What you should do: Nothing but the lines from the first line of the entries through the line with "A disturbing mask" should appear in the answer, transcribed exactly and free of pictures.

Supplied material:

Segment Open

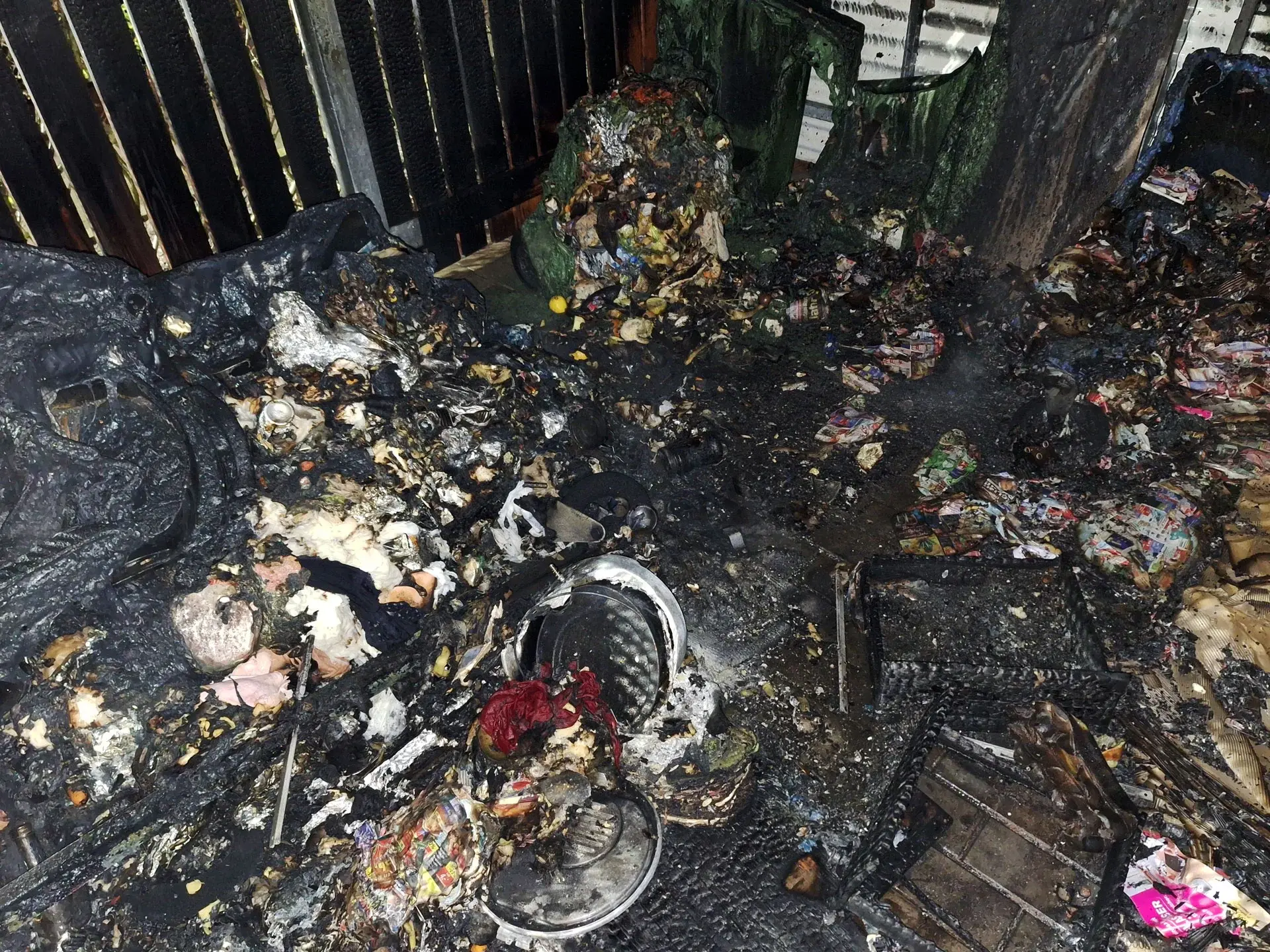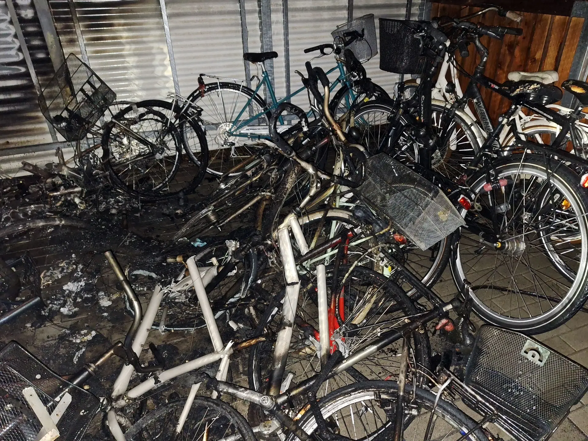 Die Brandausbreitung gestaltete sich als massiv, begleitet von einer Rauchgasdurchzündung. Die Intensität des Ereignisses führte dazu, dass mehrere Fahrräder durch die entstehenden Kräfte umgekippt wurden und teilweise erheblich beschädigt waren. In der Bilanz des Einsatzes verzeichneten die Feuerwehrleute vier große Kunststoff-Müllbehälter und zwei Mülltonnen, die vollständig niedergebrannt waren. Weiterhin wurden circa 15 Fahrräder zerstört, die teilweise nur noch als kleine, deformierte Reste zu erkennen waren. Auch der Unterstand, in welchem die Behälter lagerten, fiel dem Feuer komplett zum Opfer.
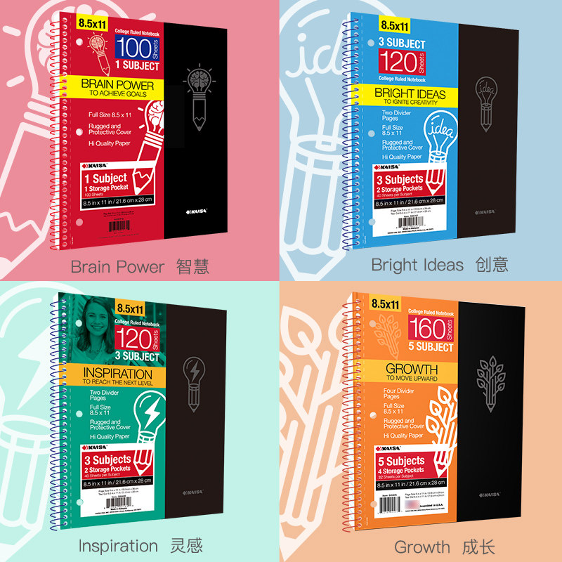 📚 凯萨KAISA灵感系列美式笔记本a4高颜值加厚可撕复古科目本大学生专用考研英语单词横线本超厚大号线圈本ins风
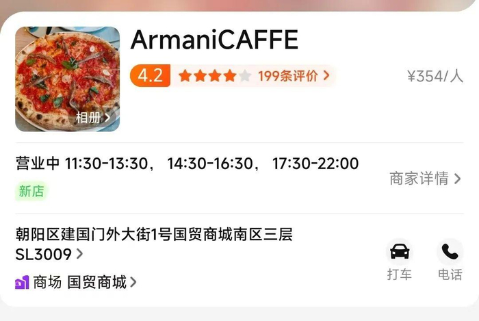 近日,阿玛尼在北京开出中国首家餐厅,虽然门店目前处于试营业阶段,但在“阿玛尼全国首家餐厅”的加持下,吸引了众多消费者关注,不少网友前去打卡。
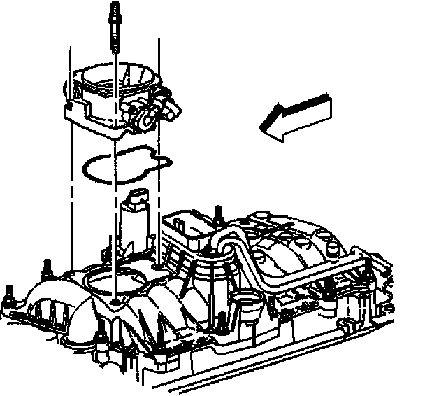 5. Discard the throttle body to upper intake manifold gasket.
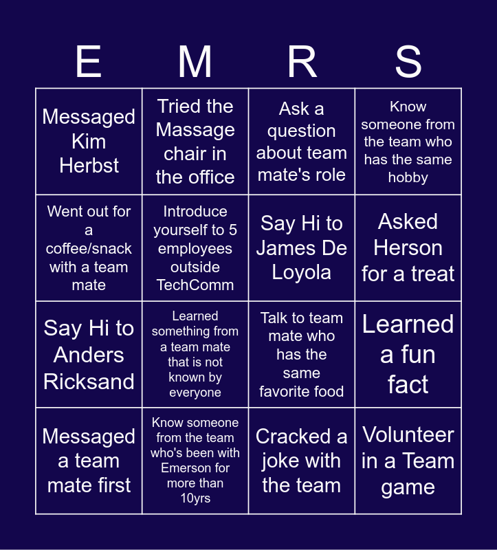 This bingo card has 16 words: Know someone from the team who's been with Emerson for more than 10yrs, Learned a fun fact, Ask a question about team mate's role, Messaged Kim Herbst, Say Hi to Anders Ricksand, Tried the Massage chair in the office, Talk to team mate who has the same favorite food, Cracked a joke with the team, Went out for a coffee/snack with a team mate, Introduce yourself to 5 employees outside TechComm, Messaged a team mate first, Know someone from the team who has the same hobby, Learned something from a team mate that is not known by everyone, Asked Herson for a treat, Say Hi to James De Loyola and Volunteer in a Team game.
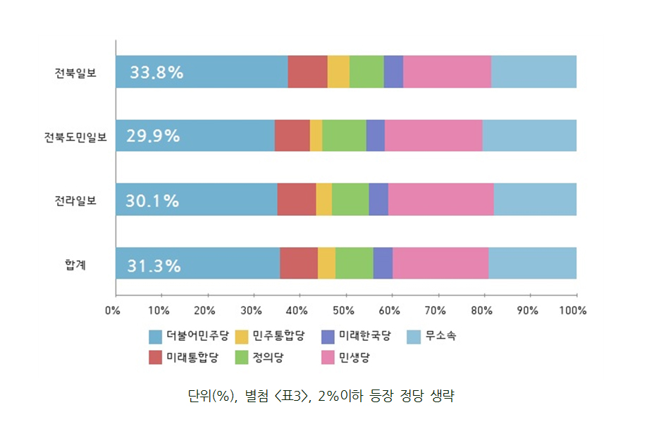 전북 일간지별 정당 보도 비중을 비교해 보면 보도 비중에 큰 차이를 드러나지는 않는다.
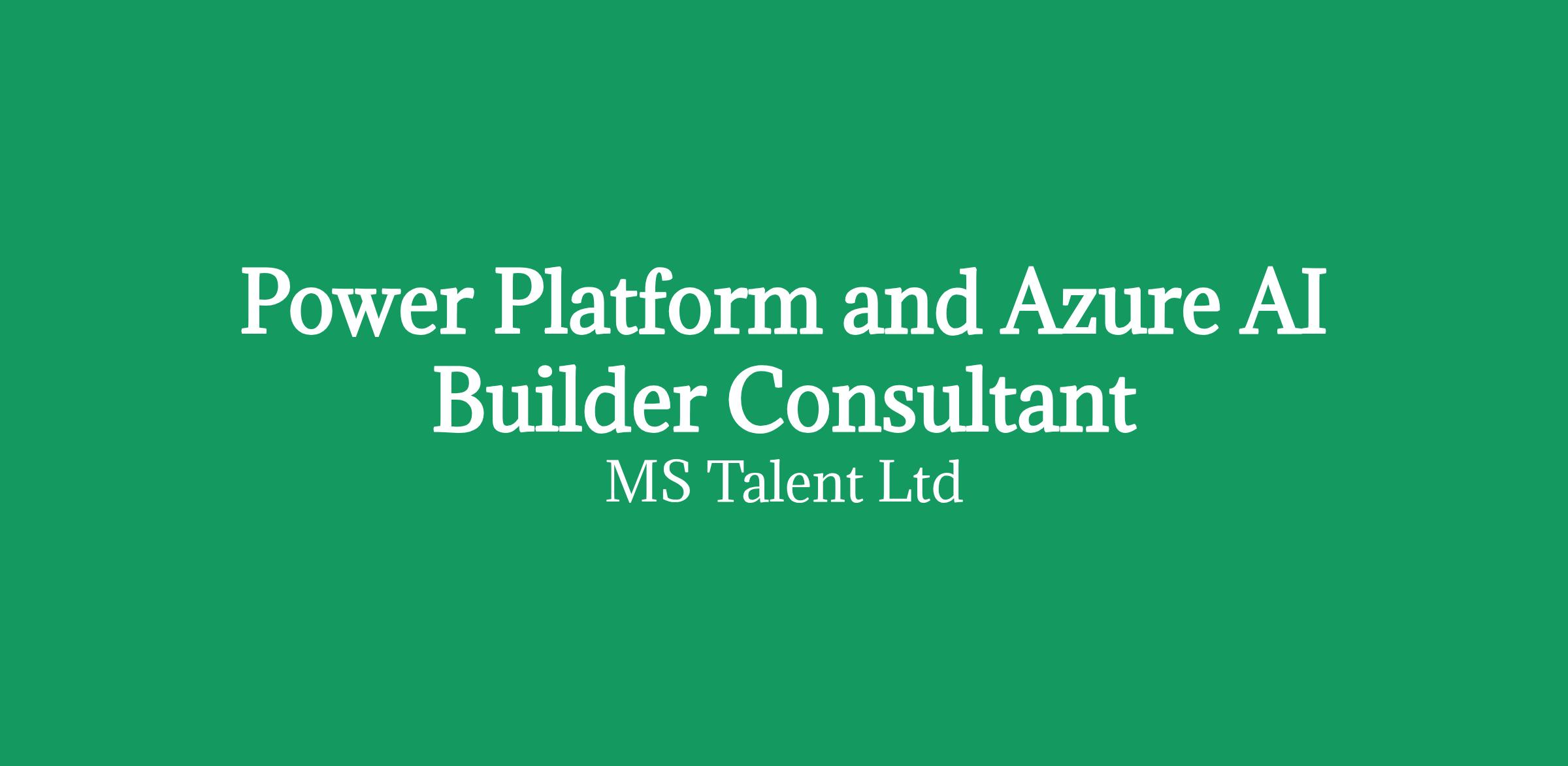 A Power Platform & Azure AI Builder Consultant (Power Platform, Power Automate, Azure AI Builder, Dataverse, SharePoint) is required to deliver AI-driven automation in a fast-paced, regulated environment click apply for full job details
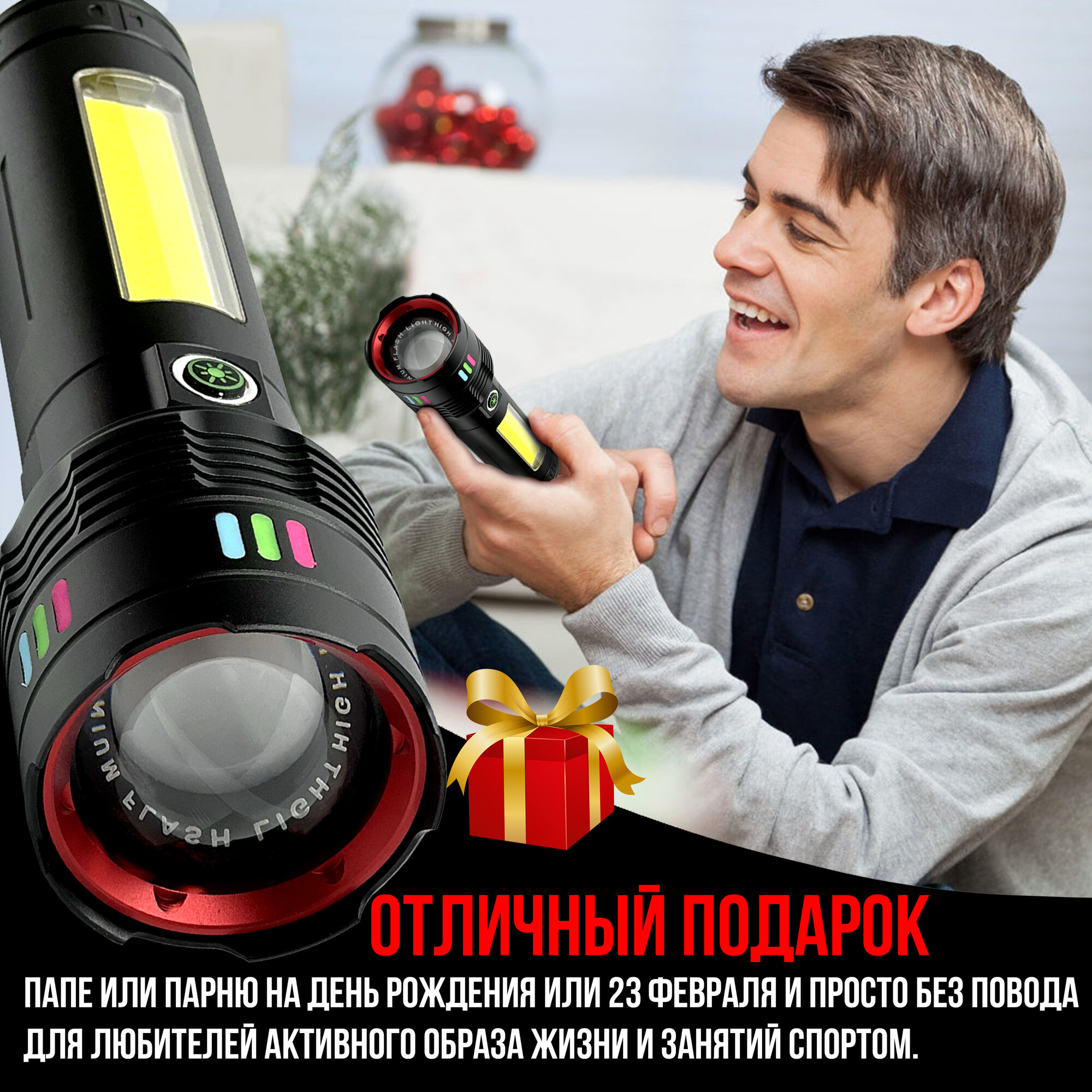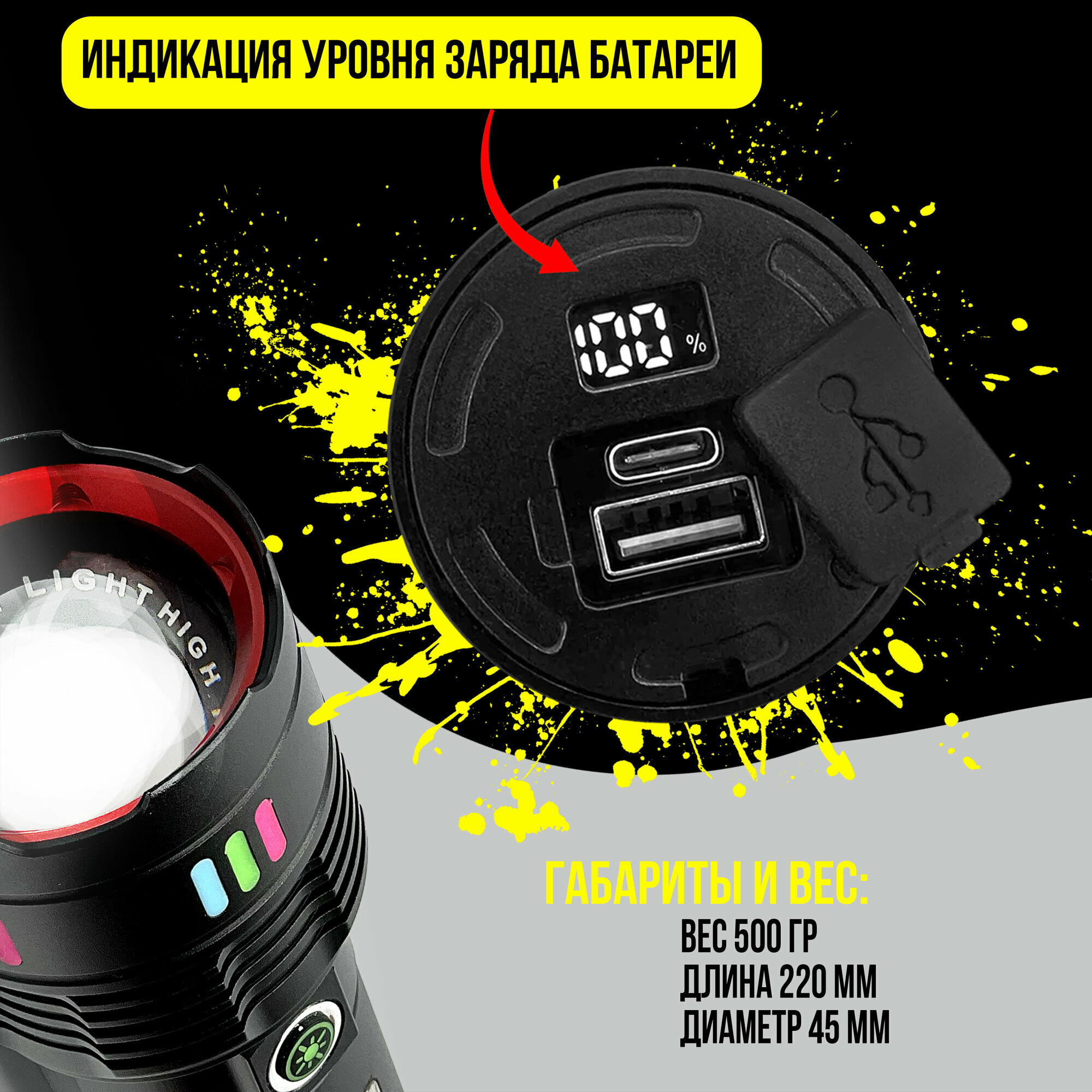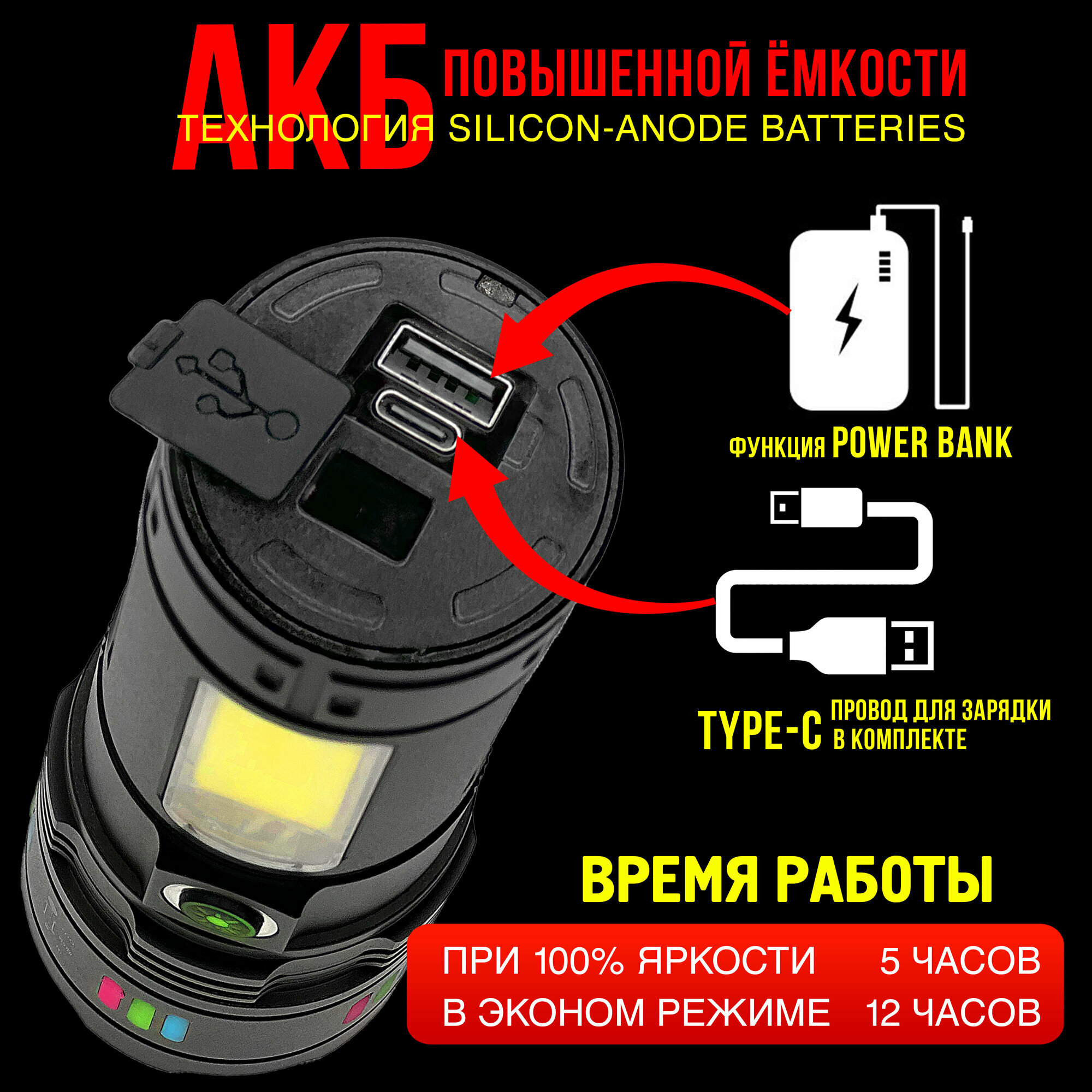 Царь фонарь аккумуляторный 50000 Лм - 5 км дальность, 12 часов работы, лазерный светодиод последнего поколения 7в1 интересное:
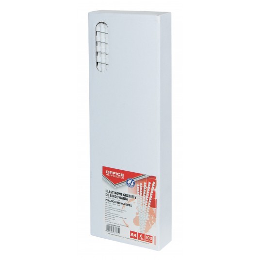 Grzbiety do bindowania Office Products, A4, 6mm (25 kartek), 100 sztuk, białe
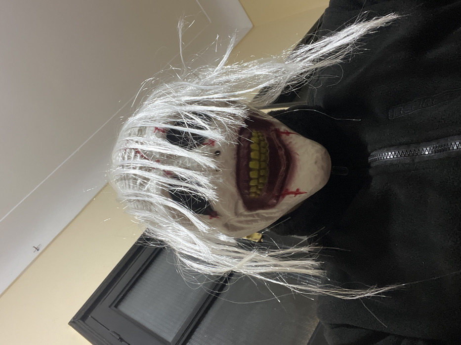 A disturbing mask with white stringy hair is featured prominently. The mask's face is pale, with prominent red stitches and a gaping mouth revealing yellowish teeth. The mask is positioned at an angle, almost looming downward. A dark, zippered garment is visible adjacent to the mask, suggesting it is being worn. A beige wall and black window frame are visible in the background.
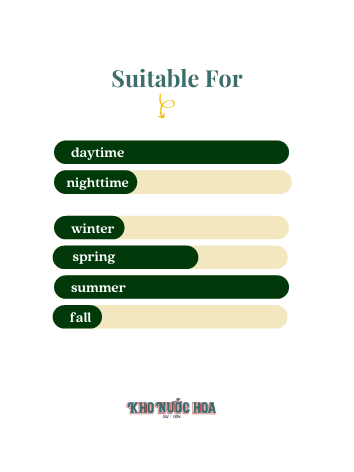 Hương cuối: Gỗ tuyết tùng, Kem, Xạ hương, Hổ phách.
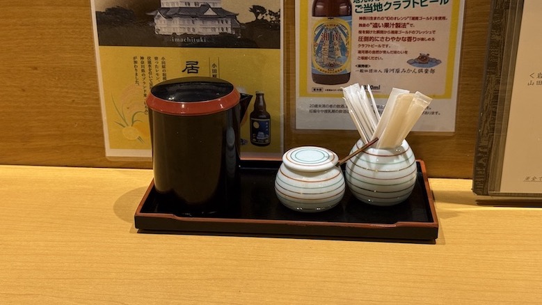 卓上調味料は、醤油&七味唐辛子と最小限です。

Segment Closed

Solution for this exercise:
 Die Brandausbreitung gestaltete sich als massiv, begleitet von einer Rauchgasdurchzündung. Die Intensität des Ereignisses führte dazu, dass mehrere Fahrräder durch die entstehenden Kräfte umgekippt wurden und teilweise erheblich beschädigt waren. In der Bilanz des Einsatzes verzeichneten die Feuerwehrleute vier große Kunststoff-Müllbehälter und zwei Mülltonnen, die vollständig niedergebrannt waren. Weiterhin wurden circa 15 Fahrräder zerstört, die teilweise nur noch als kleine, deformierte Reste zu erkennen waren. Auch der Unterstand, in welchem die Behälter lagerten, fiel dem Feuer komplett zum Opfer.
 📚 凯萨KAISA灵感系列美式笔记本a4高颜值加厚可撕复古科目本大学生专用考研英语单词横线本超厚大号线圈本ins风
 近日,阿玛尼在北京开出中国首家餐厅,虽然门店目前处于试营业阶段,但在“阿玛尼全国首家餐厅”的加持下,吸引了众多消费者关注,不少网友前去打卡。
 5. Discard the throttle body to upper intake manifold gasket.
 This bingo card has 16 words: Know someone from the team who's been with Emerson for more than 10yrs, Learned a fun fact, Ask a question about team mate's role, Messaged Kim Herbst, Say Hi to Anders Ricksand, Tried the Massage chair in the office, Talk to team mate who has the same favorite food, Cracked a joke with the team, Went out for a coffee/snack with a team mate, Introduce yourself to 5 employees outside TechComm, Messaged a team mate first, Know someone from the team who has the same hobby, Learned something from a team mate that is not known by everyone, Asked Herson for a treat, Say Hi to James De Loyola and Volunteer in a Team game.
 전북 일간지별 정당 보도 비중을 비교해 보면 보도 비중에 큰 차이를 드러나지는 않는다.
 A Power Platform & Azure AI Builder Consultant (Power Platform, Power Automate, Azure AI Builder, Dataverse, SharePoint) is required to deliver AI-driven automation in a fast-paced, regulated environment click apply for full job details
 Царь фонарь аккумуляторный 50000 Лм - 5 км дальность, 12 часов работы, лазерный светодиод последнего поколения 7в1 интересное:
 Grzbiety do bindowania Office Products, A4, 6mm (25 kartek), 100 sztuk, białe
 A disturbing mask with white stringy hair is featured prominently. The mask's face is pale, with prominent red stitches and a gaping mouth revealing yellowish teeth. The mask is positioned at an angle, almost looming downward. A dark, zippered garment is visible adjacent to the mask, suggesting it is being worn. A beige wall and black window frame are visible in the background.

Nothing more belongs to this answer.